EXERCISE AIM -> Find the line with "- 12 puertas" in the records below. Output exactly from there until after the line with "Productdetails: Lengte: 44", without pictures.

EXTRACTED INFORMATION ->
========================================
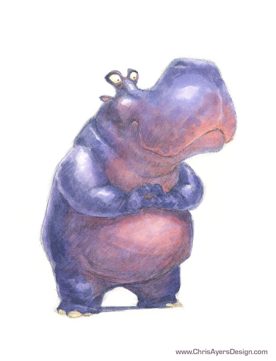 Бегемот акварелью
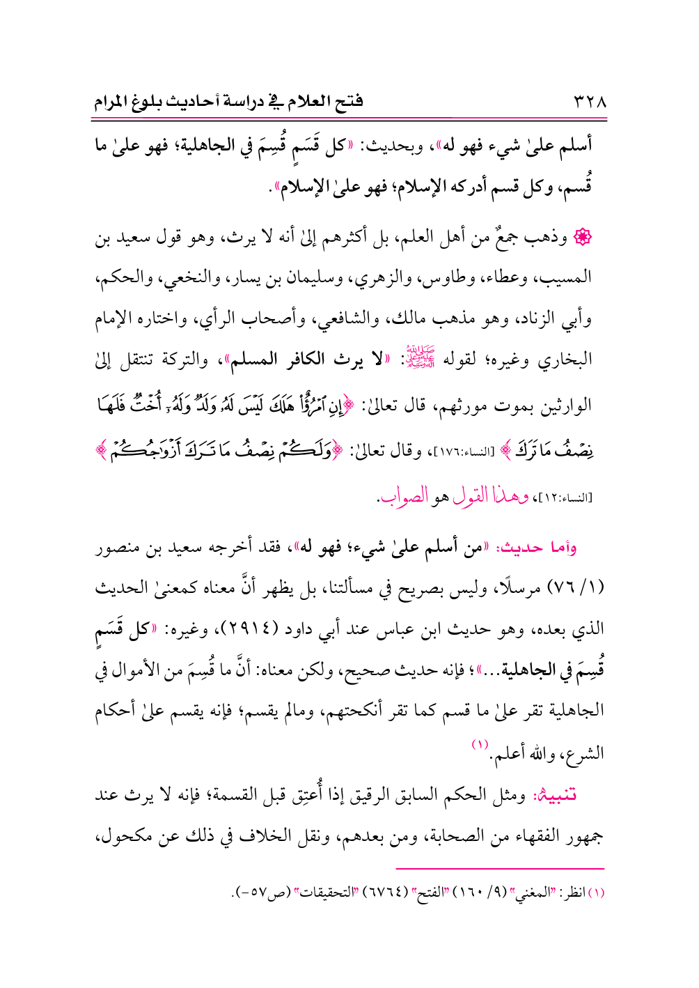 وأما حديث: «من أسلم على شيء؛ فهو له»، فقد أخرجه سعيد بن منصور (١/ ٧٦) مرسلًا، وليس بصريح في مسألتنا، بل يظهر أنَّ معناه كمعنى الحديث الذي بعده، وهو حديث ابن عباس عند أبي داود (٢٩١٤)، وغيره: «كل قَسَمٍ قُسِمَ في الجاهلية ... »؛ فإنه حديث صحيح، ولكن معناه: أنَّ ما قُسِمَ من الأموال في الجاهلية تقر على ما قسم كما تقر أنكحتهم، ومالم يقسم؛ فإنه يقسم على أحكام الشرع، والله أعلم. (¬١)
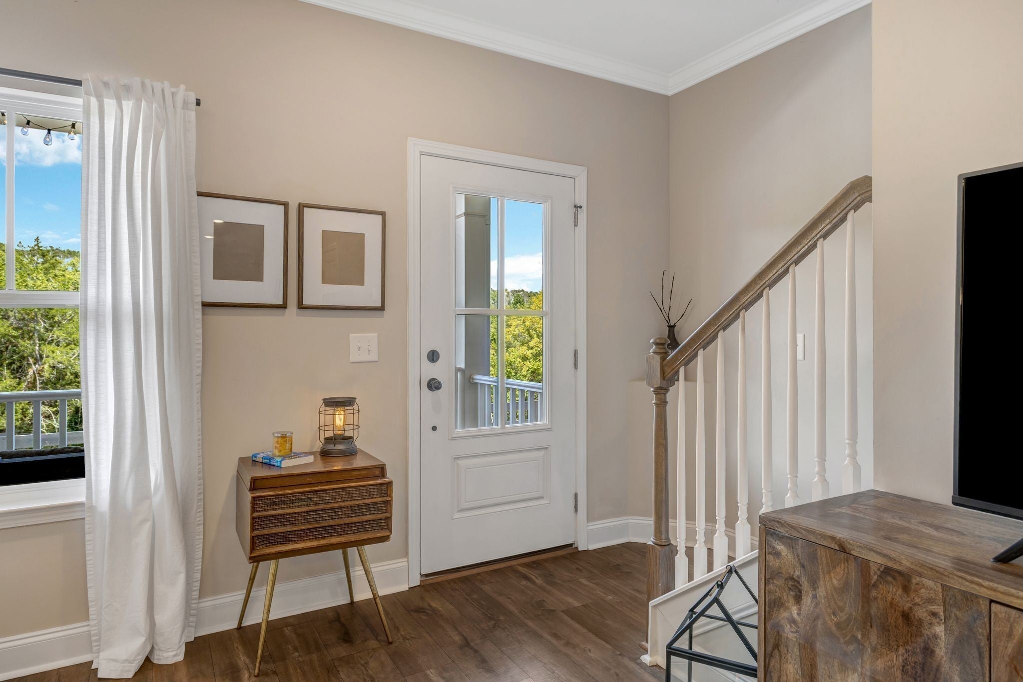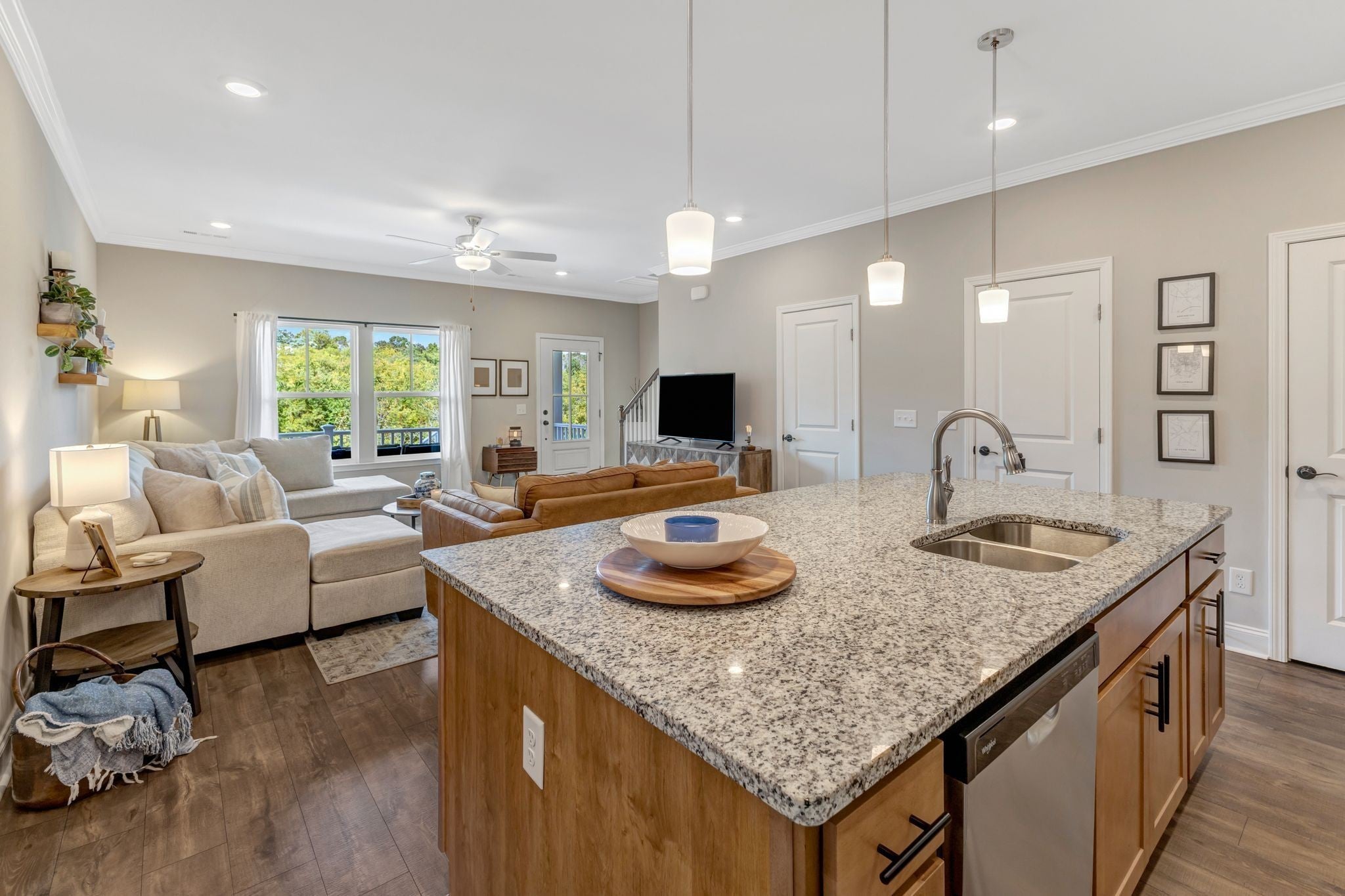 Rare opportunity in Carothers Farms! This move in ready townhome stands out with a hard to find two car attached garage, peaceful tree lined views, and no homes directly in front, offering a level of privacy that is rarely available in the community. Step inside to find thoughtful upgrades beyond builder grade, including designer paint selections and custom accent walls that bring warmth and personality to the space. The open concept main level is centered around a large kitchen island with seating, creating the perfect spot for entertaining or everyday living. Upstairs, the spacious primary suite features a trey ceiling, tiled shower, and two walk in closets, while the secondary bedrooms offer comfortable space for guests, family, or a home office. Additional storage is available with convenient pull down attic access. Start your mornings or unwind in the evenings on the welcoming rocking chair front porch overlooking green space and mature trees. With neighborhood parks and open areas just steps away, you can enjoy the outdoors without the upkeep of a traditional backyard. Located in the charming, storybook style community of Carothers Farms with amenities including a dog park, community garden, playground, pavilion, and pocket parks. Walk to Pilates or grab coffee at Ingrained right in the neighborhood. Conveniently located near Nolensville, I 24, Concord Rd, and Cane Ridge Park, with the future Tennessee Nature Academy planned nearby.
========================================
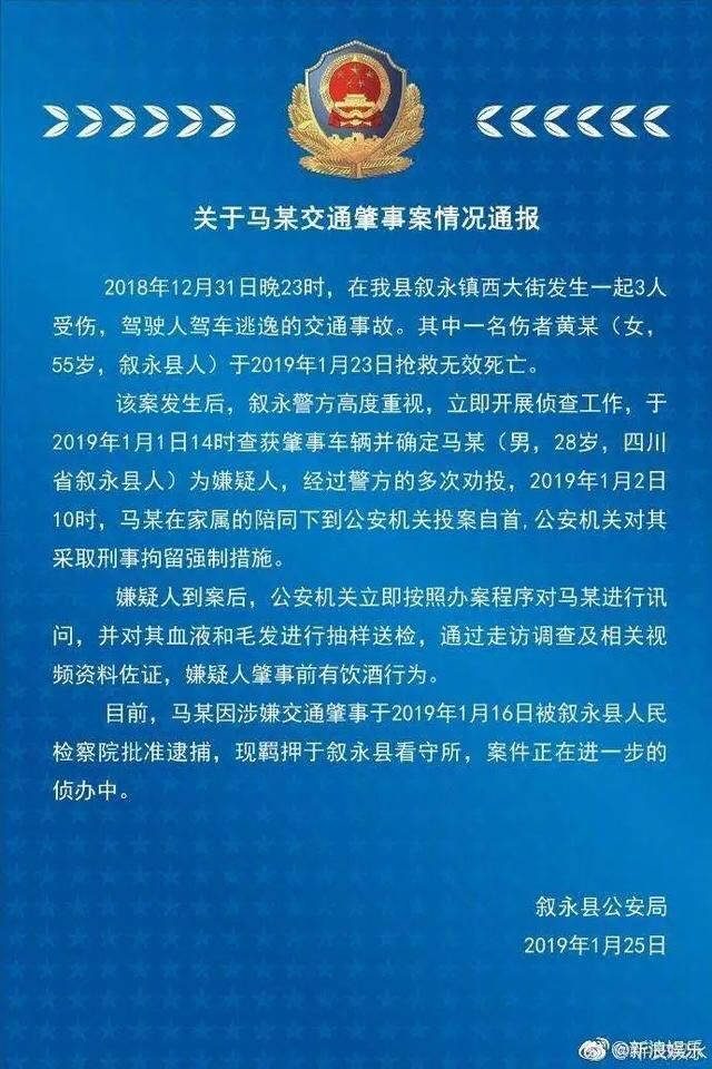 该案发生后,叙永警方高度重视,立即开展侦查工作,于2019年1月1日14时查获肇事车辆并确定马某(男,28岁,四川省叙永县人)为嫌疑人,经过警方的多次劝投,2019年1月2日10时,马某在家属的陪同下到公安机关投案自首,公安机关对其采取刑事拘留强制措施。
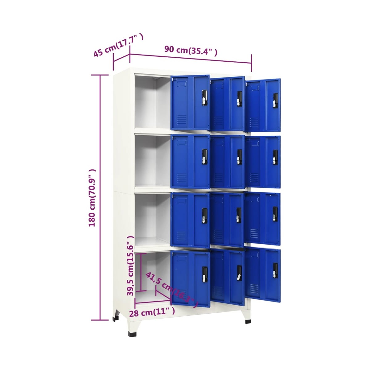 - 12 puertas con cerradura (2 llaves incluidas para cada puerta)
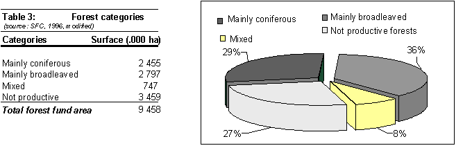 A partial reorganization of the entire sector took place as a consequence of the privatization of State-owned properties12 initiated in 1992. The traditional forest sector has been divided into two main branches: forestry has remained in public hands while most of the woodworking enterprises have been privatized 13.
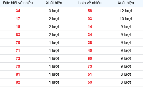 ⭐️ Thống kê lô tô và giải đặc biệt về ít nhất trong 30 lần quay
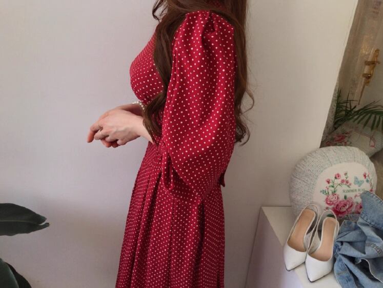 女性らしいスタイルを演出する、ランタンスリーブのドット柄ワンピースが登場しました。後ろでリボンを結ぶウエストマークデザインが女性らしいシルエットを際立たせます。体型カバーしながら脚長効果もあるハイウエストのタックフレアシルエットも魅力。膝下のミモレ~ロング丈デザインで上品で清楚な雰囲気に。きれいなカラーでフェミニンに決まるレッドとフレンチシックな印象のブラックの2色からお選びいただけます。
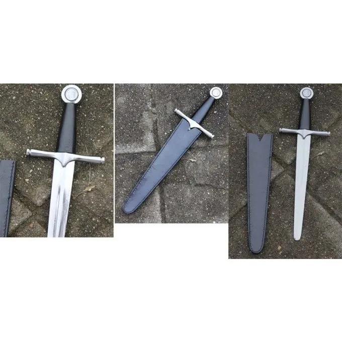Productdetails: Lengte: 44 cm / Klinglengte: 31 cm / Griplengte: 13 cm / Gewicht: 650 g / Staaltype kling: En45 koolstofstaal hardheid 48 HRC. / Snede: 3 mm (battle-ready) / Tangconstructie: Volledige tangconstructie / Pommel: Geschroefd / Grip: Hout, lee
========================================
EXERCISE RESULT ->
 - 12 puertas con cerradura (2 llaves incluidas para cada puerta)
 A partial reorganization of the entire sector took place as a consequence of the privatization of State-owned properties12 initiated in 1992. The traditional forest sector has been divided into two main branches: forestry has remained in public hands while most of the woodworking enterprises have been privatized 13.
 ⭐️ Thống kê lô tô và giải đặc biệt về ít nhất trong 30 lần quay
 女性らしいスタイルを演出する、ランタンスリーブのドット柄ワンピースが登場しました。後ろでリボンを結ぶウエストマークデザインが女性らしいシルエットを際立たせます。体型カバーしながら脚長効果もあるハイウエストのタックフレアシルエットも魅力。膝下のミモレ~ロング丈デザインで上品で清楚な雰囲気に。きれいなカラーでフェミニンに決まるレッドとフレンチシックな印象のブラックの2色からお選びいただけます。
Productdetails: Lengte: 44 cm / Klinglengte: 31 cm / Griplengte: 13 cm / Gewicht: 650 g / Staaltype kling: En45 koolstofstaal hardheid 48 HRC. / Snede: 3 mm (battle-ready) / Tangconstructie: Volledige tangconstructie / Pommel: Geschroefd / Grip: Hout, lee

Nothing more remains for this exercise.